RAW DATA:
---+---

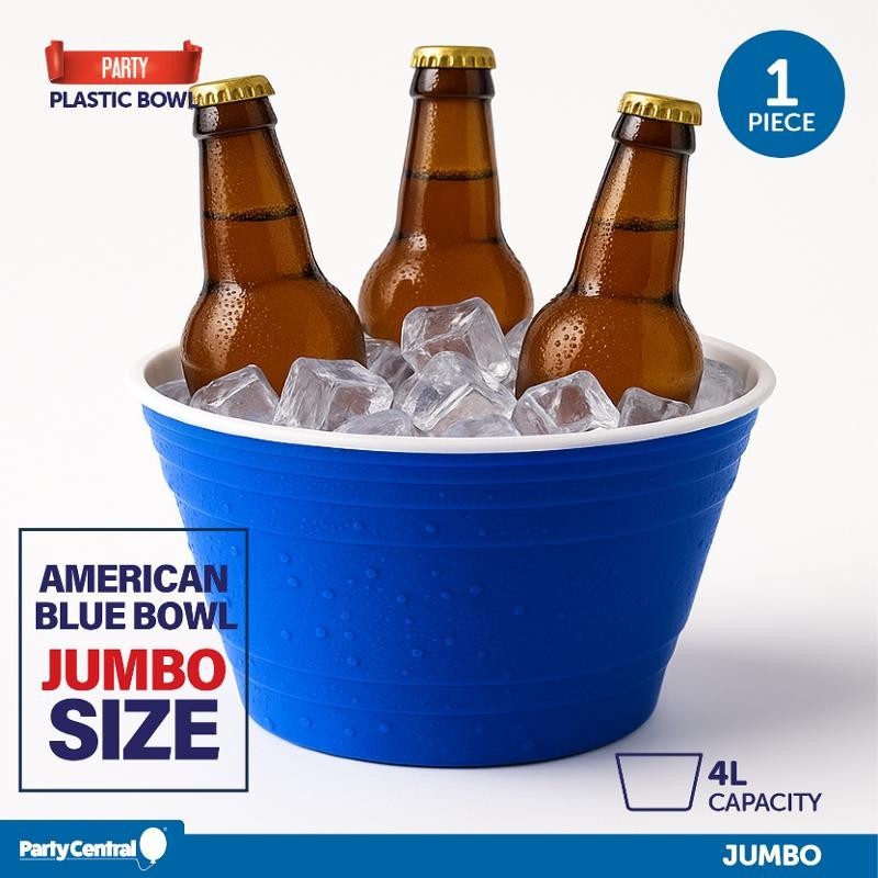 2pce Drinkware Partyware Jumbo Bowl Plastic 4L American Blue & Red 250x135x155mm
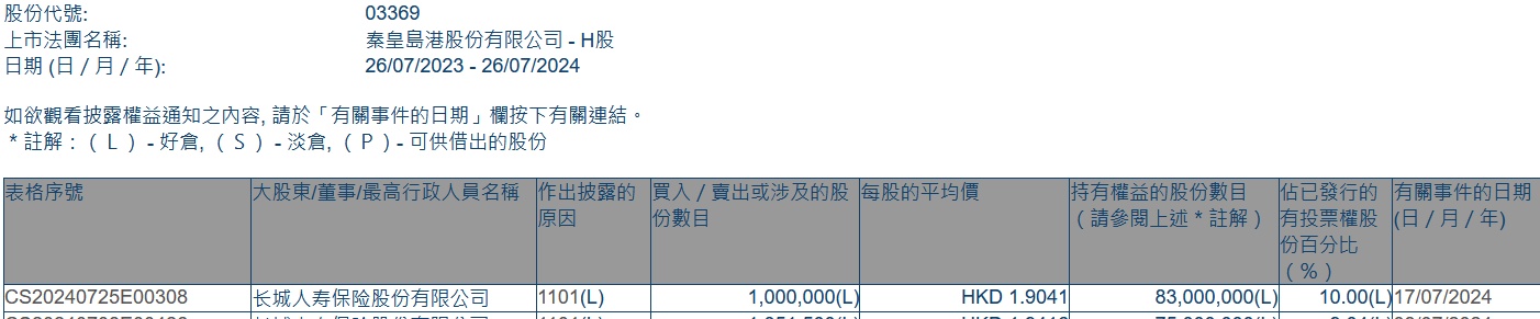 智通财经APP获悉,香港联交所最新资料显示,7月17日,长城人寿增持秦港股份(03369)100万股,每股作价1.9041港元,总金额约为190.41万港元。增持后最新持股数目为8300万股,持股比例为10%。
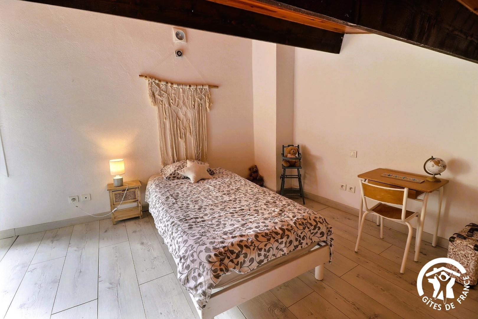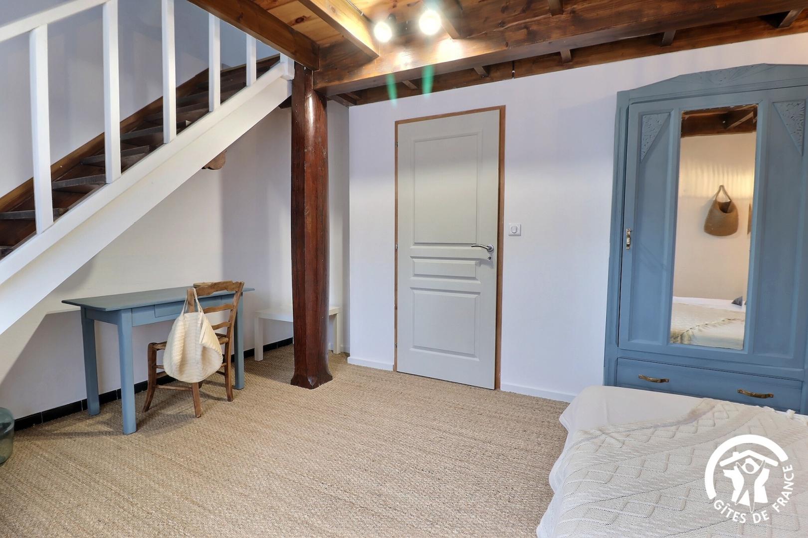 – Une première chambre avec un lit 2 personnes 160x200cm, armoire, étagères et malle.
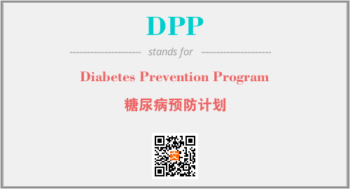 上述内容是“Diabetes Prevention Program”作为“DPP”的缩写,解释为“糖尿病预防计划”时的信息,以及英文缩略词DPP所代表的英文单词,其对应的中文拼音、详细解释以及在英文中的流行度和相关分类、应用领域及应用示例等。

---+---

ABOUT THIS EXERCISE: Repeat, line for line and exactly, the material from its first line through the line that contains "étagères et malle.", both ends included; no pictures belong in the copy.

ANSWER TO THIS EXERCISE:
 2pce Drinkware Partyware Jumbo Bowl Plastic 4L American Blue & Red 250x135x155mm
 智通财经APP获悉,香港联交所最新资料显示,7月17日,长城人寿增持秦港股份(03369)100万股,每股作价1.9041港元,总金额约为190.41万港元。增持后最新持股数目为8300万股,持股比例为10%。
 – Une première chambre avec un lit 2 personnes 160x200cm, armoire, étagères et malle.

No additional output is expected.